Semantic User Agents

Posted by Knud on October 8th, 2009

I’m still very much interested in the topic of analysing usage of linked data sites. To that end, an interesting question to ask is what kinds of agents access a linked data site. And here, apart from the usual categorisation into bots, browsers and such, it makes sense to differentiate between semantic and non-semantic agents. Very loosely, we could say that

Semantic agents are agents which are aware of RDF data and actively request it.

To know whether or not an agent requests RDF, we could look at the header of an individual HTTP request and check if the agent had specified Accept: application/rdf+xml. However, the Apache server log files unfortunately don’t tell us anything about the request header. Luckily though, there is an indirect way of finding out about this. If our linked data site uses best practice content negotiation and 303 redirects, we can look at pairs of requests in the log files. E.g., the Semantic Web Dog Food site uses a particular URI pattern for resources and their HTML and RDF representations. E.g.:


http://data.semanticweb.org/organization/deri-nui-galway

http://data.semanticweb.org/organization/deri-nui-galway/html

http://data.semanticweb.org/organization/deri-nui-galway/rdf

If the plain URI is requested, the server will either redirect to the HTML or the RDF representation, based on what was specified by the agent. Therefore, if we find a request for a plain URI and a request for the corresponding RDF URI, from the same IP address and the same agent, within a short time frame (e.g. 5 seconds), then we can infer that the agent had requested application/rdf+xml and can therefore be classified as a semantic agent.
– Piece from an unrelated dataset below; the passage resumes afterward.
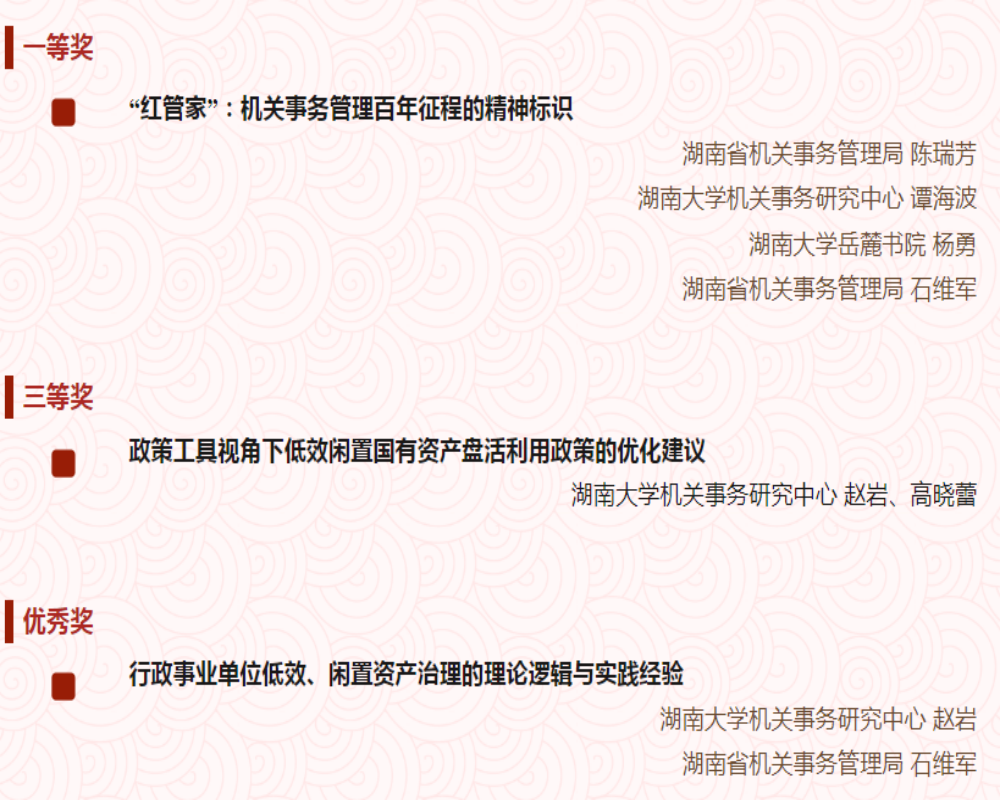 从全国机关事务管理研究会、中国行政管理学会印发的《关于2023年度优秀研究成果的通报》获悉, 日本adultvideo 机关事务研究中心、湖南省机关事务管理局、 日本adultvideo 岳麓书院共同撰写的研究报告《“红管家”:机关事务管理百年征程的精神标识》荣获一等奖, 日本adultvideo 机关事务研究中心秘书长赵岩副教授、 日本adultvideo 本科生高晓蕾撰写的论文获得全国三等奖,赵岩和省机关事务管理局石维军撰写的论文获得优秀奖。这是继 日本adultvideo 机关事务研究... [详细] |

90.21.243.141 - - [06/Oct/2008:16:07:58 +0100] "GET /organization/vrije-universiteit-amsterdam-the-netherlands HTTP/1.1" 303 7592 "-" "rdflib-2.4.0 (http://rdflib.net/; )"
90.21.243.141 - - [06/Oct/2008:16:08:02 +0100] "GET /organization/vrije-universiteit-amsterdam-the-netherlands/rdf HTTP/1.1" 200 45358 "-" "rdflib-2.4.0 (http://rdflib.net/; )"

The example above shows this: the “rdflib.net” agent requested the plain URI .../organization/vrije-universiteit-amsterdam-the-netherlands and was 303 redirected to .../organization/vrije-universiteit-amsterdam-the-netherlands/rdf a few seconds later. From this we can automatically infer that “rdflib.net” is a semantic agent.

A list of 423 semantic agents found in this way for the dog food site from 10/2008-10/2009 is here. Looking at the list, we can find a lot of agents that are clearly “semantic”, such as the “SindiceFetcher” or a SIOC browser. However, most of them are actually not what I would normally consider “semantic”, such as hordes of “Mozilla”-branded agents or dodgy looking bots. More research is awaiting…